31 January 2022

Doctor Who at Christmas: The Wintertime Paradox

Originally published: 2020
Acquired: December 2021
Read: January 2022

Doctor Who: The Wintertime Paradox
by Dave Rudden
 
As I did last year with Rudden's Twelve Angels Weeping, I started reading this book on Christmas, and read a story every day until I finished. It was a fun way to do it.
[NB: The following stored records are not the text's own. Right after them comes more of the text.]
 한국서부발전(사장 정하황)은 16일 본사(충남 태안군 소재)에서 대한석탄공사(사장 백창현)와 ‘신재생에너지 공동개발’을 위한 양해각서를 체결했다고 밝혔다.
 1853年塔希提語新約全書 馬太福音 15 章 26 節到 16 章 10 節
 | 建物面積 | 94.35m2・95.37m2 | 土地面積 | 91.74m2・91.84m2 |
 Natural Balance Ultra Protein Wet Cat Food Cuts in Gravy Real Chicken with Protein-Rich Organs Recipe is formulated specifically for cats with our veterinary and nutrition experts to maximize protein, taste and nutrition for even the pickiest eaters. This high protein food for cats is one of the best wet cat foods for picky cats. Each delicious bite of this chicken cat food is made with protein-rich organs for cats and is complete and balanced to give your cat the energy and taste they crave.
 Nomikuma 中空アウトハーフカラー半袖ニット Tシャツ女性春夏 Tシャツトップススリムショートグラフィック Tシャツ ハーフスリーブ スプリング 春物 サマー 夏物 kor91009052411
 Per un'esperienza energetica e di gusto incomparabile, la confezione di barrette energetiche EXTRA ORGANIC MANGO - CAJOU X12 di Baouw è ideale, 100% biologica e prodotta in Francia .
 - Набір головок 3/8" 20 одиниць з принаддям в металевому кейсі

Rudden has a strong, unique voice as a Doctor Who short fiction writer, and does a good job of capturing the series's tone while not feeling beholden to how things would be on screen; he also does a good job of tying each story into Christmas without making it feel repetitive.
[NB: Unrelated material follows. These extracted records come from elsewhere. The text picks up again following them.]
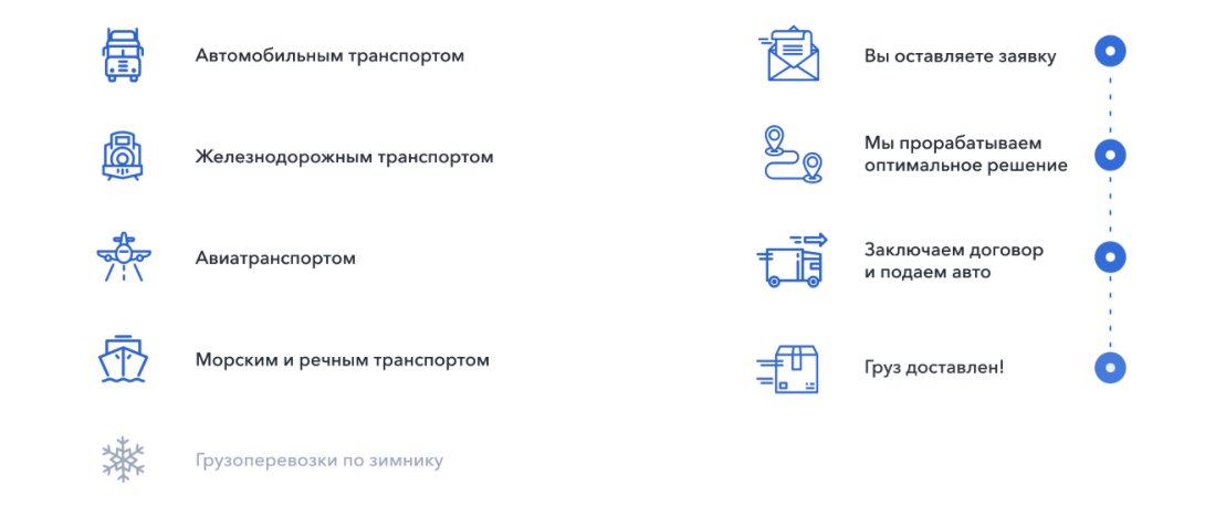 На каждую страницу были добавлены уникальные иконки, выгодно выделяющие компанию среди конкурентов. Некоторые из них, например, обозначают транспортные категории, другие – стадии оформления грузоперевозки.
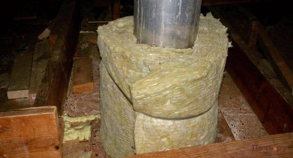 На чердаке достаточно утеплить трубу слоем 5-10 см.
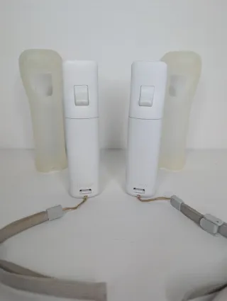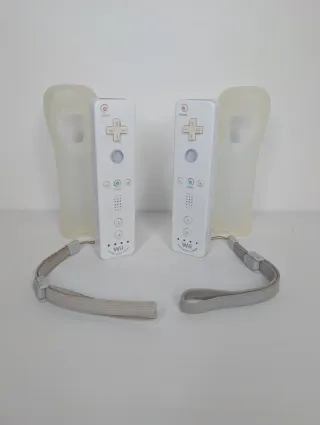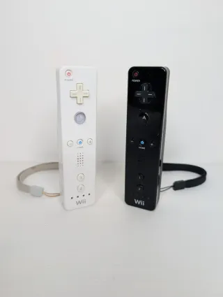 Lotto composto da due telecomandi originali Nintendo Wii nelle colorazioni bianco e nero, completi di laccetti di sicurezza. Entrambi i controller sono stati testati e risultano perfettamente funzionanti in ogni tasto e funzione di puntamento. Si segnala che lo sportellino del vano batterie del telecomando bianco non è quello originale, ma si chiude correttamente e garantisce la stabilità delle batterie durante l'uso. Esteticamente i controller presentano i normali segni di usura dovuti al tempo
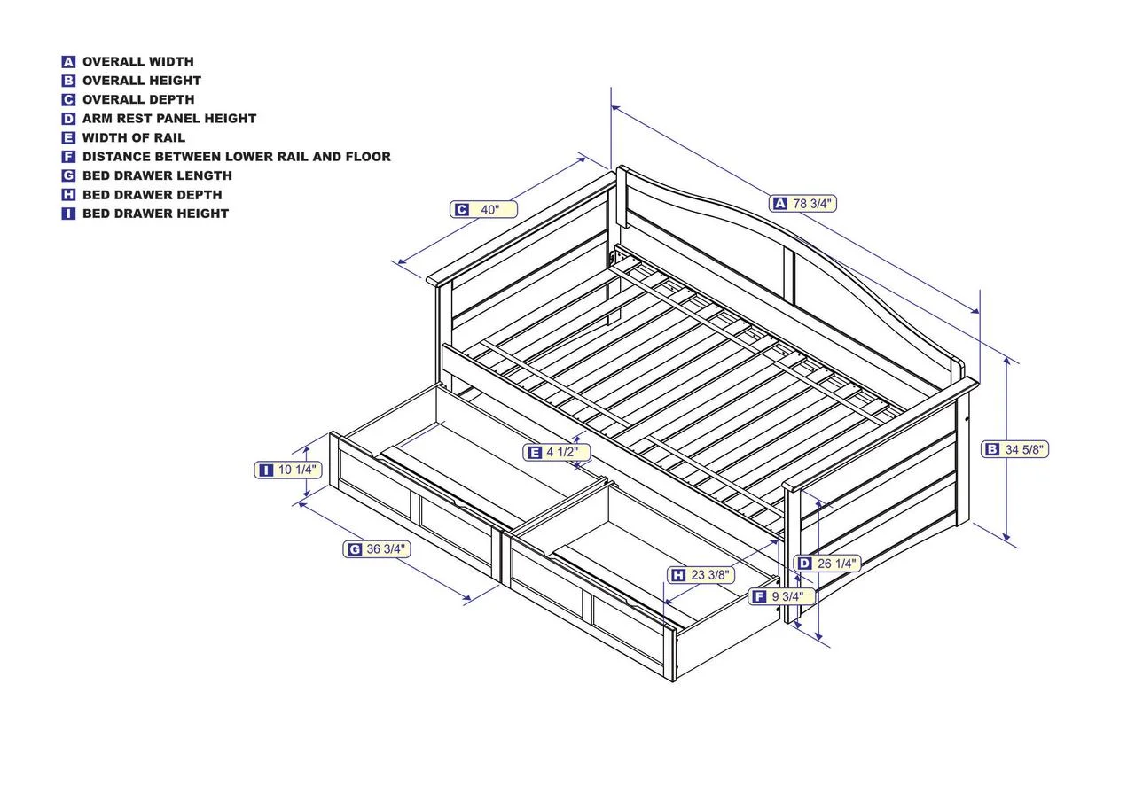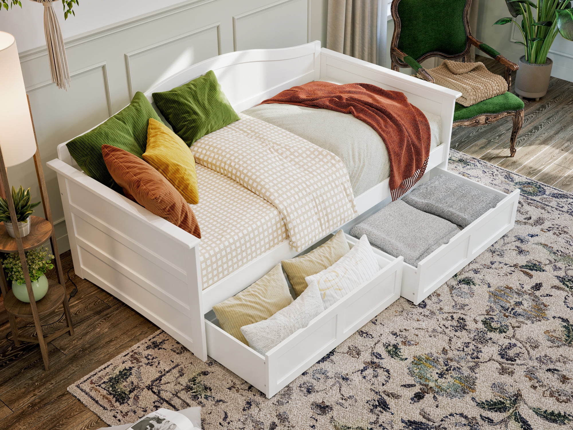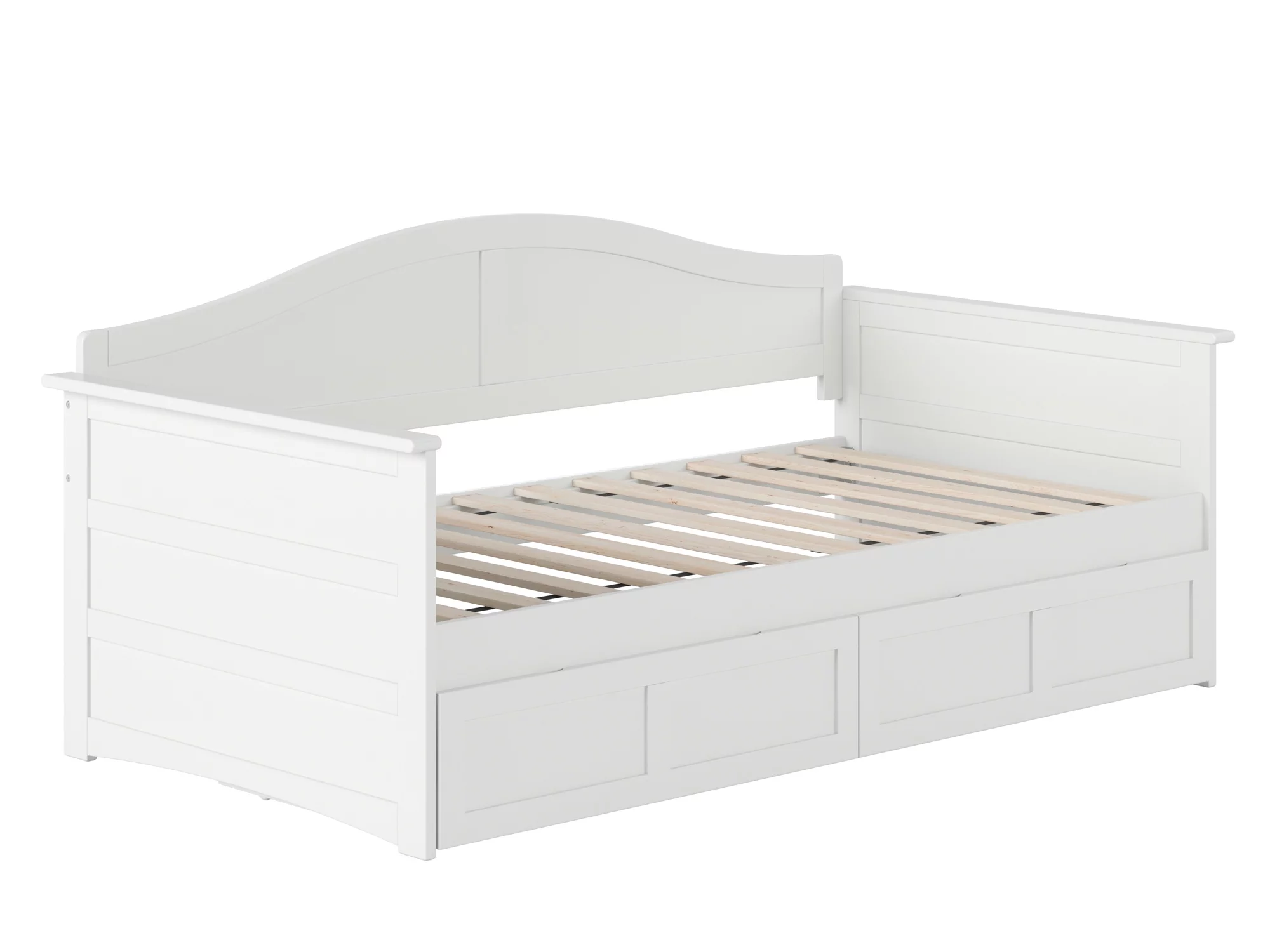 Camaflexi Twin Size Day Bed with Drawers - Panel Headboard - White Finish

Highlights for me included "Father of the Daleks," chronicling a series of Christmastime meetings between the eleventh Doctor... and Davros!? Good Christmas fun, but also a dark peek into the psyches of the Daleks and their creator. "For the Girl Who Has Everything" was a story of Osgood's first week at UNIT, before Kate Stewart was in charge and before Osgood was chief scientific advisor; she has to rely on her wits to defeat a Sontaran plot. Rudden perfectly captures Osgood's personality and voice. "Visiting Hours" does a great job of filling in the Rory/River father/daughter relationship that Steven Moffat kind of neglected; Rory comes to visit River at Christmas in Stormcage, only for them to have to fight their way through the facility unexpectedly. Genuinely touching stuff about parenting and family. "A Perfect Christmas" was a charming story about Madame Vastra trying to give her ersatz family a perfect holiday at all costs, and "A Day to Yourselves" was a great story about an immediate post–Time War ninth Doctor trying to find consolation by saving planets, only no one will let him do it.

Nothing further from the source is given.